Today, the two culprits return in their maroon SUV. It has been three weeks since the first pilfered newspaper. They are dressed the same as before: black clothing and white sneakers. This time, however, the driver shifts the vehicle into park. The driver watches as the passenger steps out of the vehicle and lights a cigarette. Murky clouds sprawl across the horizon as they approach the scene in a slow, steady drift; they don’t seem to indicate rain. There’s a flagpole planted in the small lawn in front of the church, but it doesn’t quite reach the steeple. The passenger drags on the cigarette as he approaches the newspaper on the ground. The church’s exterior is shingled and there’s a commemorative bench that sits outside the front door.

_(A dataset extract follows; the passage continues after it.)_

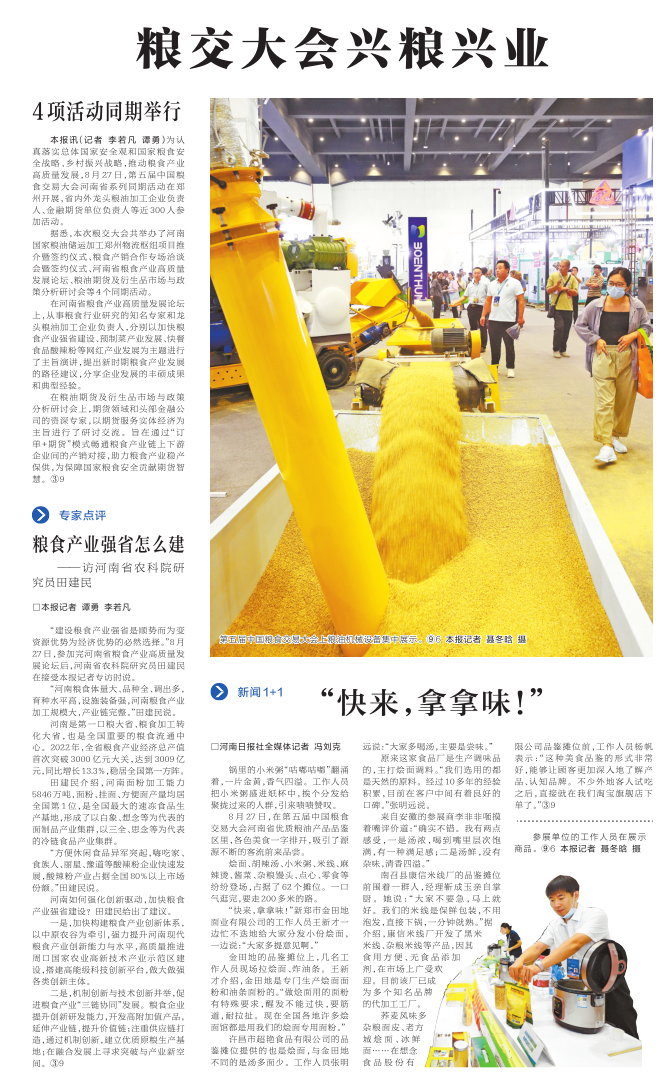 “河南粮食体量大、品种全、调出多,育种水平高,设施装备强,河南粮食产业加工规模大,产业链完整。”田建民说。(今日《河南日报》2版)

Perennials line the church’s base and they look fresh in the morning air. After running through the night, the parking lot’s lights bang off.
He slips the paper out of its plastic bag. The paper is thin this morning, not much news to report. He cradles the cigarette butt, moves it from his mouth, and flicks it onto the paper below. The newspaper doesn’t ignite. Instead, a small circle of char and tiny embers collects on the front page. This was expected. This is a warning.

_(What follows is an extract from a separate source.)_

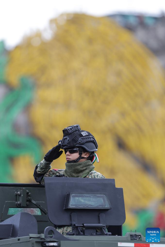 Una integrante del Ejército mexicano participa en el Desfile Cívico Militar en conmemoración del 215 aniversario de la Independencia de México, en la Ciudad de México, capital de México, el 16 de septiembre de 2025. México celebró el martes el aniversario 215 del inicio de la lucha independentista contra el colonialismo español con la realización del tradicional Desfile Cívico Militar en la Ciudad de México, con la particularidad de que por primera ocasión se presentaron honores y se rindió el parte de novedades a una mujer, Claudia Sheinbaum, primera presidenta y comandanta suprema de las Fuerzas Armadas del país latinoamericano. (Xinhua/Francisco Cañedo)

It’s the company, Norah says to her daughter, Linda Ghirardi, whenever she comes to visit. Seeing someone else’s face — it keeps me above sea level. Mrs. Ghirardi nods and listens. She tries to understand how it’s healthy for her mother, a frail and beaten widow, to continue working. You can’t imagine how it feels lying in bed or on the couch all day with your failing lungs as your only friend, she says. Linda, sweetie, you can’t even imagine.
For the most part, the town rallied around those who survived Walter. The wake and resulting funeral were heavily attended, and even before Walter’s death, many had visited Jason in the hospital. Unable to wake from unconsciousness, his room was at one point filled with bright flowers and balloons. Friends, and even the occasional acquaintance, would come sit at his bedside. After a month or two, he remained unconscious, and the luster of his suffering dissolved.
It’s as if there’s a cap on the observance of trauma, Walter’s remaining sons think. Once the accidents went public, they stayed relevant for only so long before they became private burdens again, vast and lonely yokes. They are without a father. Their brother who was once animate and active is now fallen and profoundly incapacitated. They understand that disintegration and entropy is natural, but they cannot fathom how and why their father drifted into inner oblivion, how their brother’s fall wasn’t anything less than tragic and sad. Who else would notice? Who else would tussle with these questions? Who would know?
It’s not that they want everyone to suffer. It’s not that they are vitriolic or malicious. They don’t want to watch the world burn. They only want the victims and witnesses to remember the world in which they once lived. They want them to understand.